- [PROVIDED MATERIAL]
________________________________________
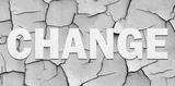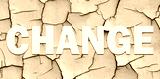 Climate change banner with CHANGE lettering over dry cracked mud in a concept of the effect of Global Warming on the planet
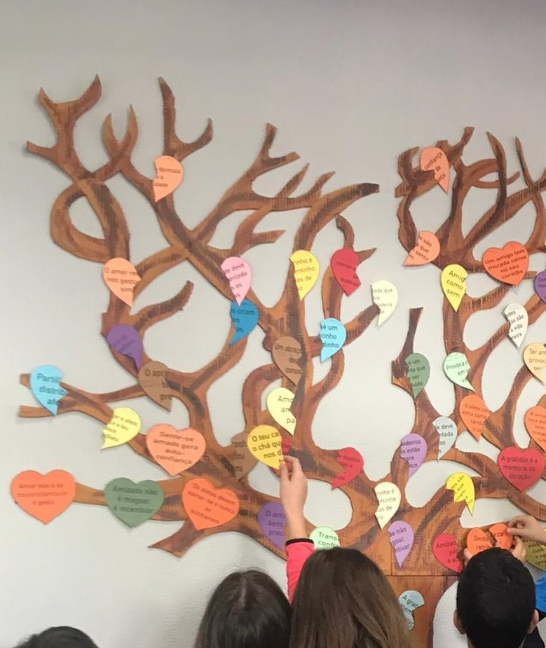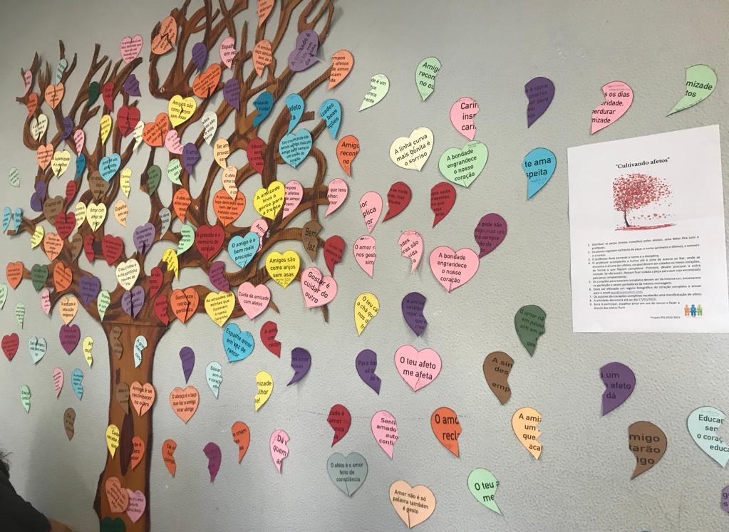 Nesta atividade, que consistiu em preencher uma árvore, colocada na sala dos alunos, com mensagens de afetividade, participaram todos os alunos e um professor de cada turma. Alguns assistentes operacionais também foram envolvidos.
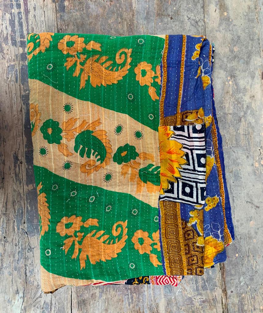 Wrap yourself in the beauty of tradition with this vibrant handmade Indian Gudari quilt, crafted from layers of upcycled cotton saris. Also known as a Kantha quilt.
________________________________________
- [EXERCISE]
Give back the listing unchanged. Strip out the pictures.

- [EXERCISE RESULT]
 Climate change banner with CHANGE lettering over dry cracked mud in a concept of the effect of Global Warming on the planet
 Nesta atividade, que consistiu em preencher uma árvore, colocada na sala dos alunos, com mensagens de afetividade, participaram todos os alunos e um professor de cada turma. Alguns assistentes operacionais também foram envolvidos.
 Wrap yourself in the beauty of tradition with this vibrant handmade Indian Gudari quilt, crafted from layers of upcycled cotton saris. Also known as a Kantha quilt.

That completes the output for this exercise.